● **Your instructions**
If a line below falls between the line with "从古墓博物馆,走进隋唐大运河" and the line with "V&B Spüle Architectura", or is one of those two, output it exactly; output nothing else and no pictures.

● **Data**
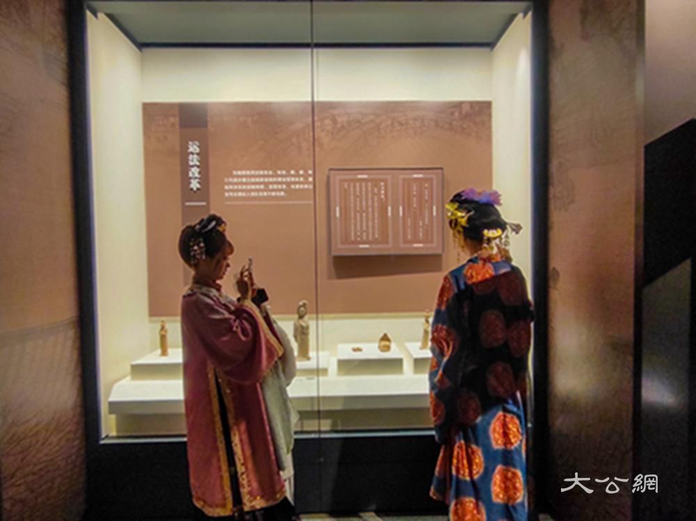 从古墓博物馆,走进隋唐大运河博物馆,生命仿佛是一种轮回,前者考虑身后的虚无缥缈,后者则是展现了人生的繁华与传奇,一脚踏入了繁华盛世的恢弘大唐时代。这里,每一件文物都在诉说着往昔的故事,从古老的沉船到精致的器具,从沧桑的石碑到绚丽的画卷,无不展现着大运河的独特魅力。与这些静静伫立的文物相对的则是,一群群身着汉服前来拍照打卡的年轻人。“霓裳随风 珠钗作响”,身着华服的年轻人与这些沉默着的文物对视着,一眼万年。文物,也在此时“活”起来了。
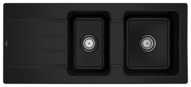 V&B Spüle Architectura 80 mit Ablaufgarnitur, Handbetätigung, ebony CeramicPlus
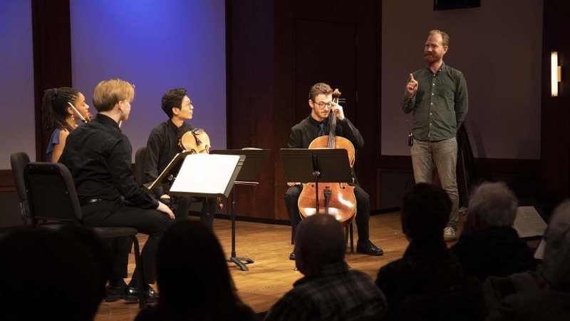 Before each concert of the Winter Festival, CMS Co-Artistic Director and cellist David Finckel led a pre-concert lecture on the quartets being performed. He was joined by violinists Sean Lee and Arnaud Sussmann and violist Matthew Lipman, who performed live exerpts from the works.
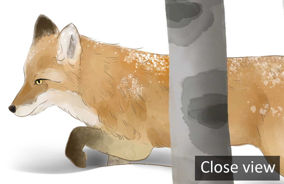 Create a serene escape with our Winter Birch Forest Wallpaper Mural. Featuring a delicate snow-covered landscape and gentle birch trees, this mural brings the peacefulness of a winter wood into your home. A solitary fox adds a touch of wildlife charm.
--
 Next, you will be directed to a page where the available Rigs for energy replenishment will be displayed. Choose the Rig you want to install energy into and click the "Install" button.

● **Solution**
 从古墓博物馆,走进隋唐大运河博物馆,生命仿佛是一种轮回,前者考虑身后的虚无缥缈,后者则是展现了人生的繁华与传奇,一脚踏入了繁华盛世的恢弘大唐时代。这里,每一件文物都在诉说着往昔的故事,从古老的沉船到精致的器具,从沧桑的石碑到绚丽的画卷,无不展现着大运河的独特魅力。与这些静静伫立的文物相对的则是,一群群身着汉服前来拍照打卡的年轻人。“霓裳随风 珠钗作响”,身着华服的年轻人与这些沉默着的文物对视着,一眼万年。文物,也在此时“活”起来了。
 V&B Spüle Architectura 80 mit Ablaufgarnitur, Handbetätigung, ebony CeramicPlus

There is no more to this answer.